▸ **Aim of the task**:
Beginning with the line that has "JR佐倉駅近くのハンバーグ店" and ending with the line that has "Introducing the Lotus", retype the entries below exactly, except for the pictures.

▸ **Material supplied**:
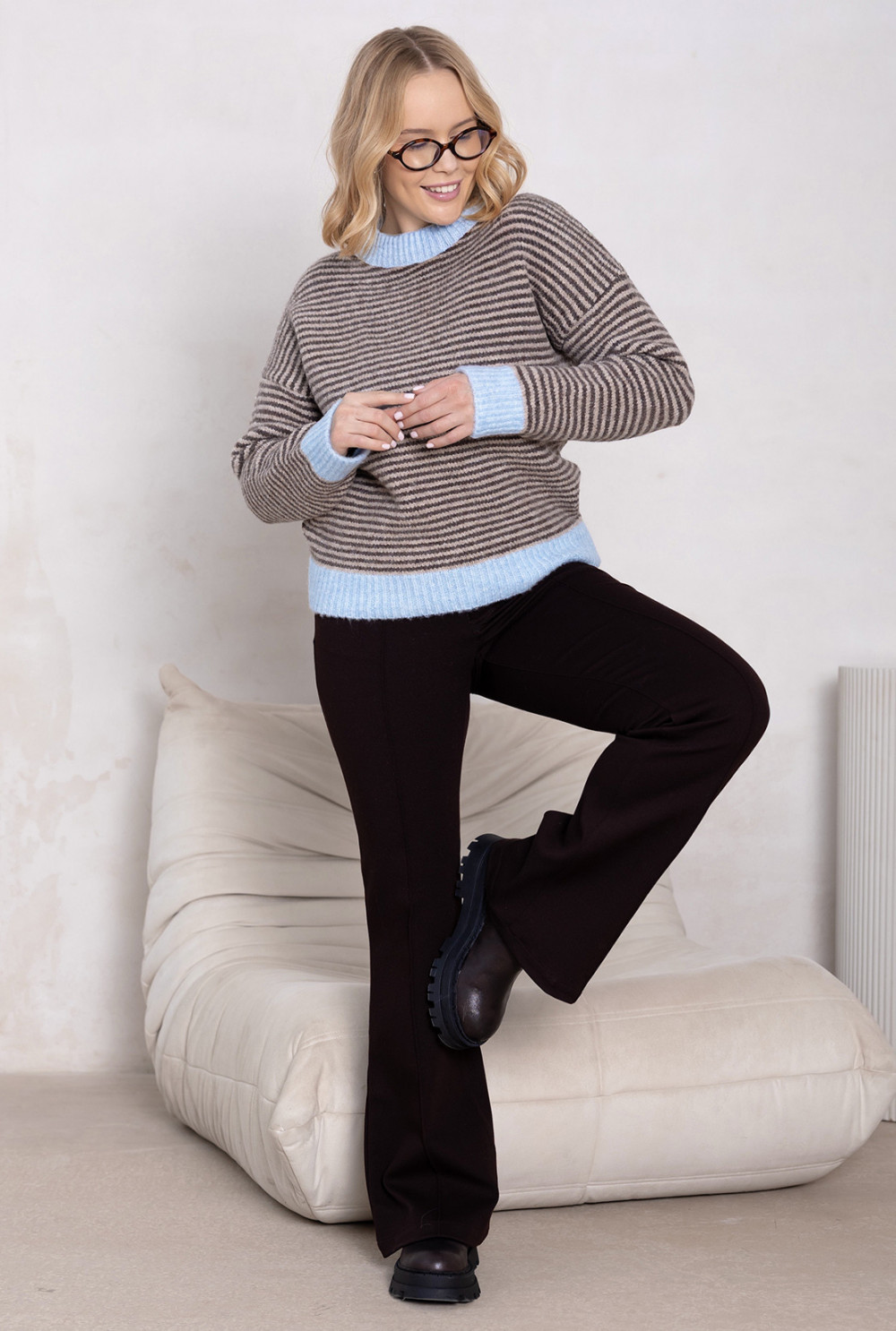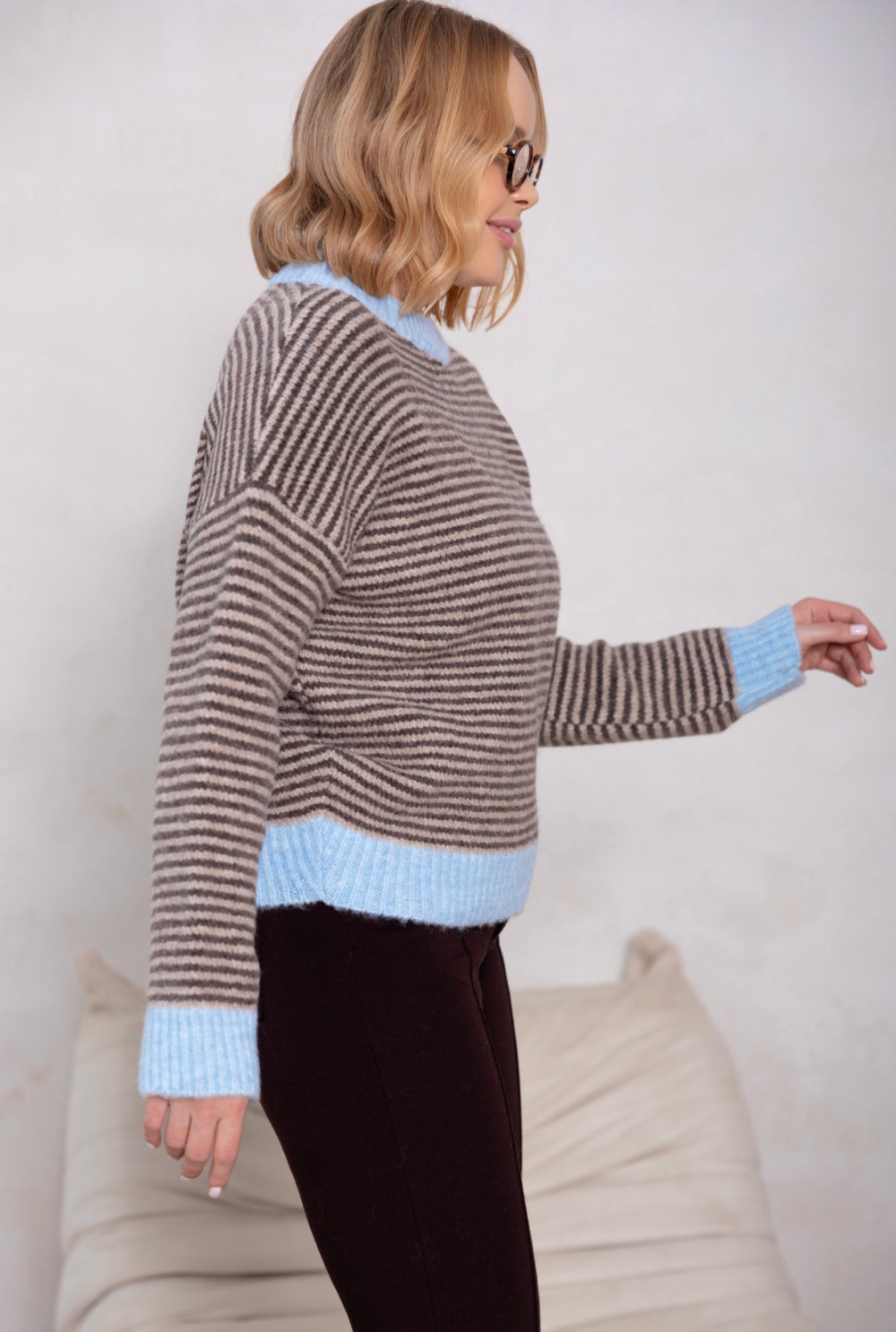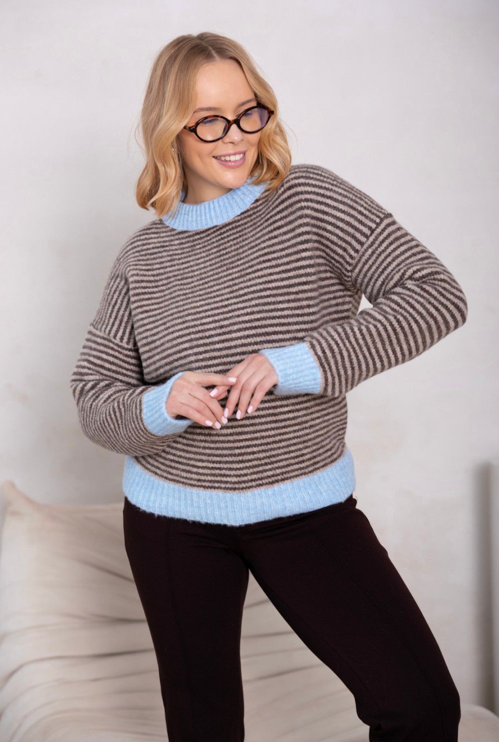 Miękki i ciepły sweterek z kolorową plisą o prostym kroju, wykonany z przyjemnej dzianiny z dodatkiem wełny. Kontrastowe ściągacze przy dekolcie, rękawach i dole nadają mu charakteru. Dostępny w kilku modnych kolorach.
==
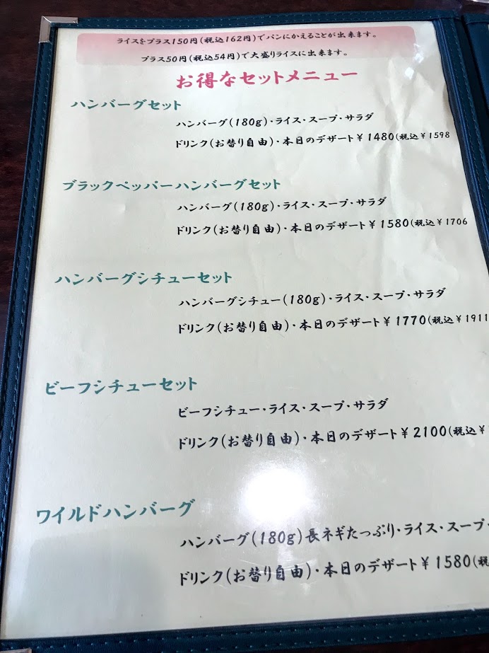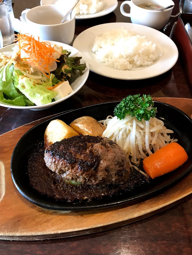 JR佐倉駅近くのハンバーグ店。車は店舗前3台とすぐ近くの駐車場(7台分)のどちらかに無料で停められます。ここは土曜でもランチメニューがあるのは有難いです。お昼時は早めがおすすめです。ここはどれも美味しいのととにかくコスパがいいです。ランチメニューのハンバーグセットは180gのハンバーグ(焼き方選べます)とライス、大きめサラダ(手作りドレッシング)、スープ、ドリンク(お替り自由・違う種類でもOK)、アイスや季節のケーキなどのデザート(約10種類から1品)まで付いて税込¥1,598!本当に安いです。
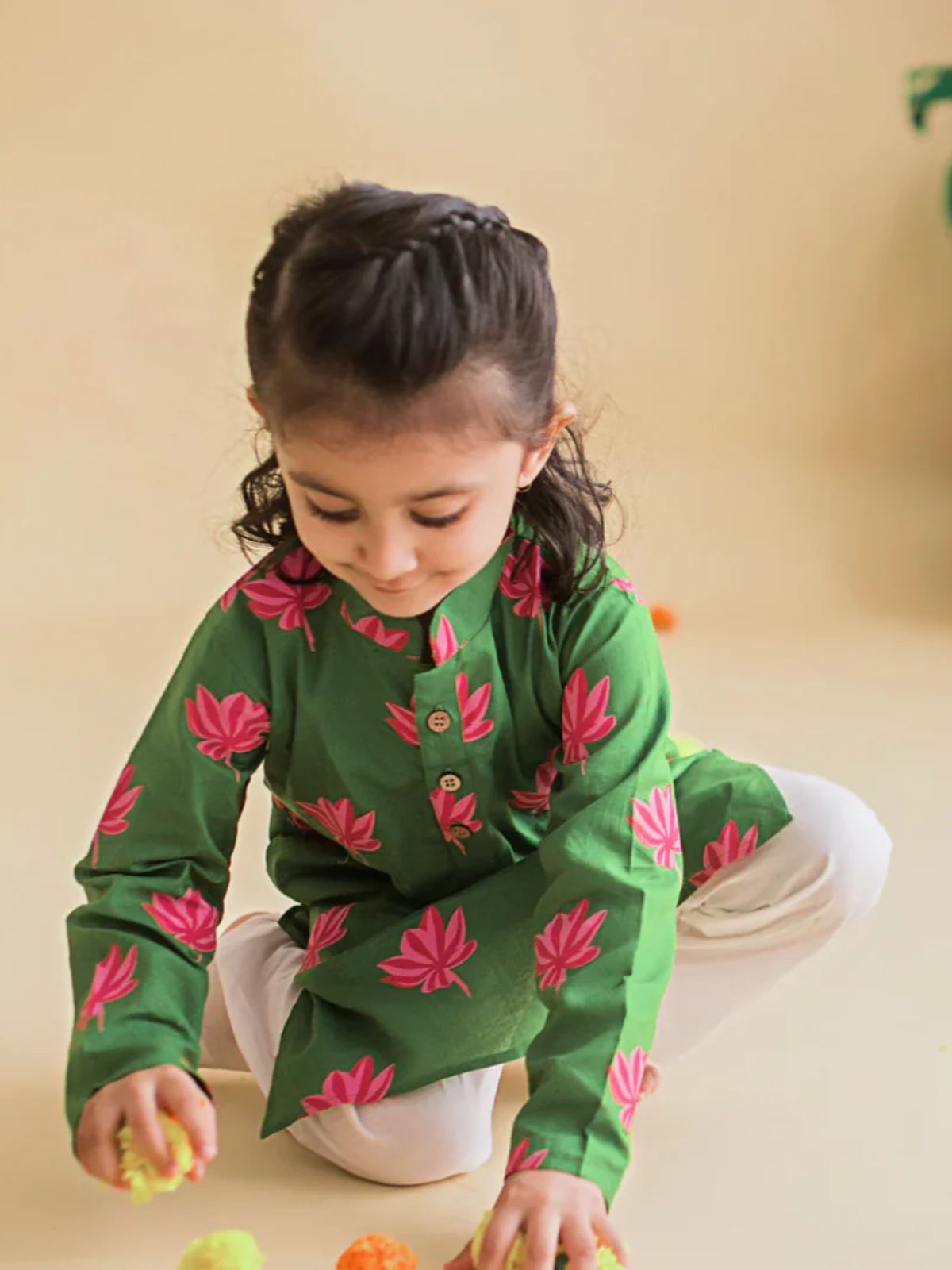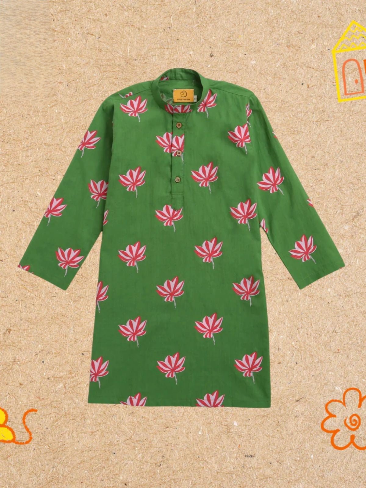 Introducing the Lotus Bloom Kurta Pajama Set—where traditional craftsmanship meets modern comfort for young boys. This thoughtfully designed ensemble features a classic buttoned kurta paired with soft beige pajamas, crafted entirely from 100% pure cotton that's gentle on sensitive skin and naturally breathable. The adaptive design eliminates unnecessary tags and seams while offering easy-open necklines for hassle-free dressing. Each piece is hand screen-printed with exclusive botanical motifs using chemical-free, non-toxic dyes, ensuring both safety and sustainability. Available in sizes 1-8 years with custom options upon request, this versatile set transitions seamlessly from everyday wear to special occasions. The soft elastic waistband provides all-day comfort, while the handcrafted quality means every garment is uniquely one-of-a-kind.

▸ **Answer**:
 JR佐倉駅近くのハンバーグ店。車は店舗前3台とすぐ近くの駐車場(7台分)のどちらかに無料で停められます。ここは土曜でもランチメニューがあるのは有難いです。お昼時は早めがおすすめです。ここはどれも美味しいのととにかくコスパがいいです。ランチメニューのハンバーグセットは180gのハンバーグ(焼き方選べます)とライス、大きめサラダ(手作りドレッシング)、スープ、ドリンク(お替り自由・違う種類でもOK)、アイスや季節のケーキなどのデザート(約10種類から1品)まで付いて税込¥1,598!本当に安いです。
 Introducing the Lotus Bloom Kurta Pajama Set—where traditional craftsmanship meets modern comfort for young boys. This thoughtfully designed ensemble features a classic buttoned kurta paired with soft beige pajamas, crafted entirely from 100% pure cotton that's gentle on sensitive skin and naturally breathable. The adaptive design eliminates unnecessary tags and seams while offering easy-open necklines for hassle-free dressing. Each piece is hand screen-printed with exclusive botanical motifs using chemical-free, non-toxic dyes, ensuring both safety and sustainability. Available in sizes 1-8 years with custom options upon request, this versatile set transitions seamlessly from everyday wear to special occasions. The soft elastic waistband provides all-day comfort, while the handcrafted quality means every garment is uniquely one-of-a-kind.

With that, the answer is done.